Instructions for the task
Under this line are the records; repeat exactly the lines starting at the one containing "二階主寝室には風や光を取り込む「室内窓」を設置" and ending at the one containing "El festival de", omitting pictures.

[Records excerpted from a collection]
[Start of section]
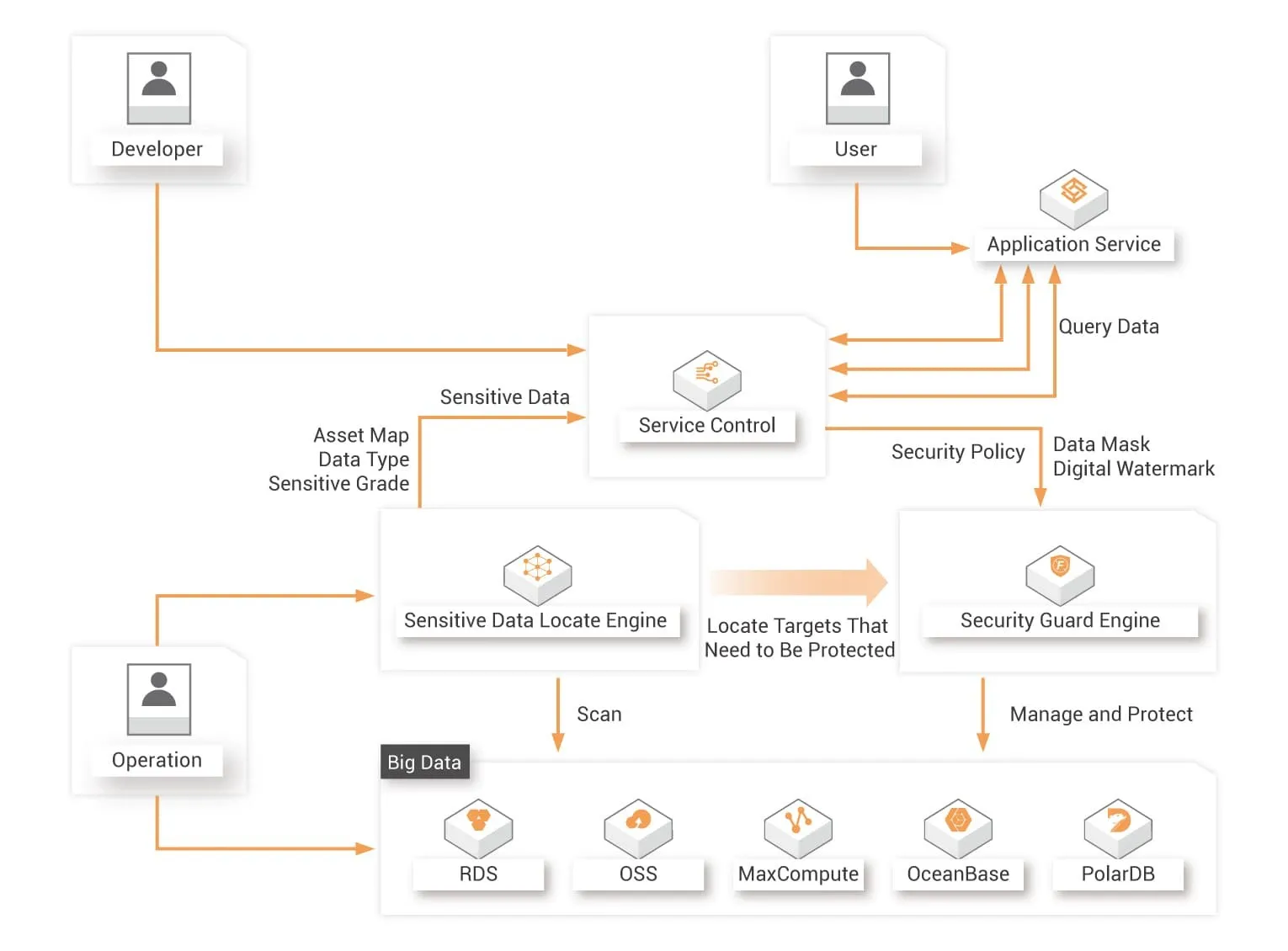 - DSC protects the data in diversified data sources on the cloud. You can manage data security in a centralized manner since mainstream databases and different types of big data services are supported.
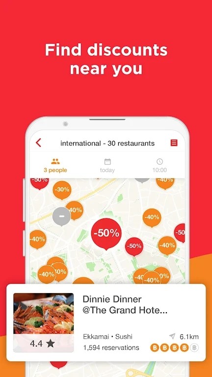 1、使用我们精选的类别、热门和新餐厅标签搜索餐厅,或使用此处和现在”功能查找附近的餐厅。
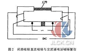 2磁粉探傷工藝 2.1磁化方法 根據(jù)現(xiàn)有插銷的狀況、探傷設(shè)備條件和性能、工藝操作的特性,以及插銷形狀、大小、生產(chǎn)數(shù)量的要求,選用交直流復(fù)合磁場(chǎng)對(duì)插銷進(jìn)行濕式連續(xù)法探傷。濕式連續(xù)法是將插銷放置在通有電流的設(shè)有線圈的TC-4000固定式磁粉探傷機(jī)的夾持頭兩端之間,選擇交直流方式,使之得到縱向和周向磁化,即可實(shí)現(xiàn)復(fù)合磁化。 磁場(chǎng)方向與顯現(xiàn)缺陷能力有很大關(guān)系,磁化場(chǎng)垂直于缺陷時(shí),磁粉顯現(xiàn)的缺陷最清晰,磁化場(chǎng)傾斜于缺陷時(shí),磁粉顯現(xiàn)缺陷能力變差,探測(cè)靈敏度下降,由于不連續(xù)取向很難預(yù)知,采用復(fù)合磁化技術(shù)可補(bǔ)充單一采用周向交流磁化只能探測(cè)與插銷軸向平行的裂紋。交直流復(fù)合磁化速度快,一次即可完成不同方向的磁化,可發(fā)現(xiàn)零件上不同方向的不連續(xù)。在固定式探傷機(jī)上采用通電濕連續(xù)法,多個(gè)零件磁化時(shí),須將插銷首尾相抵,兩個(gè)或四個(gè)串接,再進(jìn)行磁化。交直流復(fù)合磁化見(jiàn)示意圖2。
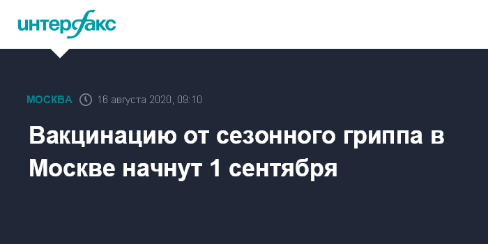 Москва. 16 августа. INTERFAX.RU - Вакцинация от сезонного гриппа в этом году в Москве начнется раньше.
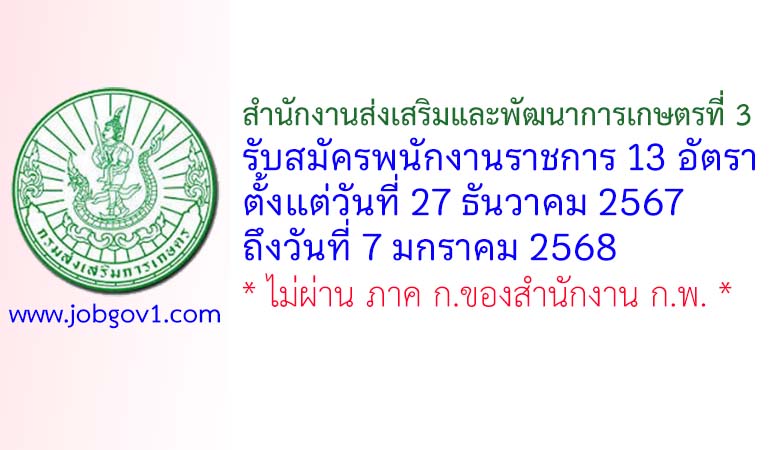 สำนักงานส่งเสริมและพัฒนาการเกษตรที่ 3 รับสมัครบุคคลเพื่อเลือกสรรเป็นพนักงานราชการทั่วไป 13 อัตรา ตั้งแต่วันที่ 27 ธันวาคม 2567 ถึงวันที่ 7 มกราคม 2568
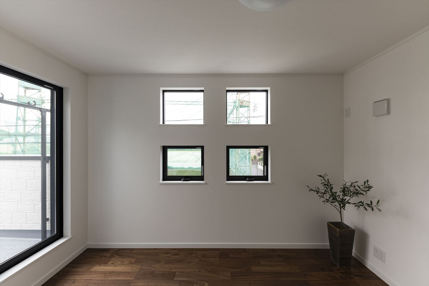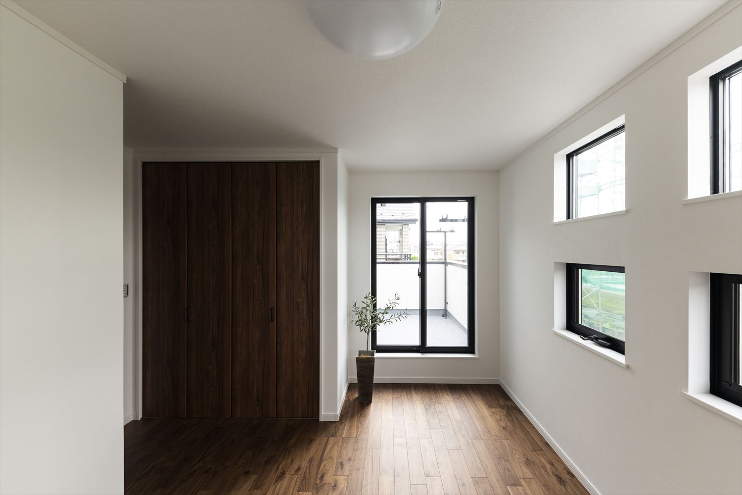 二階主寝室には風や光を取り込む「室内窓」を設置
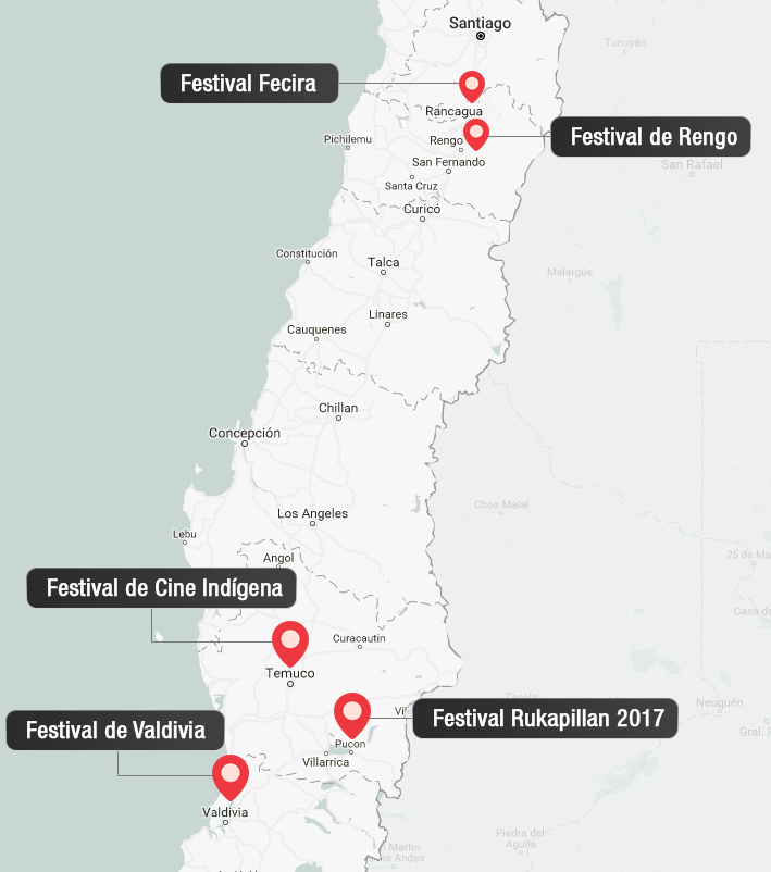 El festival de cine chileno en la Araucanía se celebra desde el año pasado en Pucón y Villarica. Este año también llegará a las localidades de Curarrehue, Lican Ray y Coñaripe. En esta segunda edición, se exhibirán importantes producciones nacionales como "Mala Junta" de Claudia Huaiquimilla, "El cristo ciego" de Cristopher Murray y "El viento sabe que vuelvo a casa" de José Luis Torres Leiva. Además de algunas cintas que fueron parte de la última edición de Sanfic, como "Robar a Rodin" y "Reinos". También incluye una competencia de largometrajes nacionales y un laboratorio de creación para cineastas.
[End of section]
[Start of section]
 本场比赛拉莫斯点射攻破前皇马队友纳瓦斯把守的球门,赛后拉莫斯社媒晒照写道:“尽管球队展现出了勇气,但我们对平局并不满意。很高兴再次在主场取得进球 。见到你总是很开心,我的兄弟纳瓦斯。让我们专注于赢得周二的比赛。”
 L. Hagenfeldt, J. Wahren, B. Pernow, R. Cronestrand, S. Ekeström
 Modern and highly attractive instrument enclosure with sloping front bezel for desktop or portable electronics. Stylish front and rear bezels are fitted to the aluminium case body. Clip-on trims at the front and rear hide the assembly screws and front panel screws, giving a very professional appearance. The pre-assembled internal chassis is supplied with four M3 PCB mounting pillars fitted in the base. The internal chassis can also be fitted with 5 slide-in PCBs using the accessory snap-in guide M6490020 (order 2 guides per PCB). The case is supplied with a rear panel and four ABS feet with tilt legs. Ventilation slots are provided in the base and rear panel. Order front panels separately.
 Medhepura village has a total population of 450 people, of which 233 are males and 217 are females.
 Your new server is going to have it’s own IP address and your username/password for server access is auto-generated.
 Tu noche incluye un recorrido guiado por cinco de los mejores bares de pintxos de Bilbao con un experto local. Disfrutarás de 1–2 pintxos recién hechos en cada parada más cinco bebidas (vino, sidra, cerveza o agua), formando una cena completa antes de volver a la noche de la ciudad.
[End of section]
Written answer
 二階主寝室には風や光を取り込む「室内窓」を設置
 El festival de cine chileno en la Araucanía se celebra desde el año pasado en Pucón y Villarica. Este año también llegará a las localidades de Curarrehue, Lican Ray y Coñaripe. En esta segunda edición, se exhibirán importantes producciones nacionales como "Mala Junta" de Claudia Huaiquimilla, "El cristo ciego" de Cristopher Murray y "El viento sabe que vuelvo a casa" de José Luis Torres Leiva. Además de algunas cintas que fueron parte de la última edición de Sanfic, como "Robar a Rodin" y "Reinos". También incluye una competencia de largometrajes nacionales y un laboratorio de creación para cineastas.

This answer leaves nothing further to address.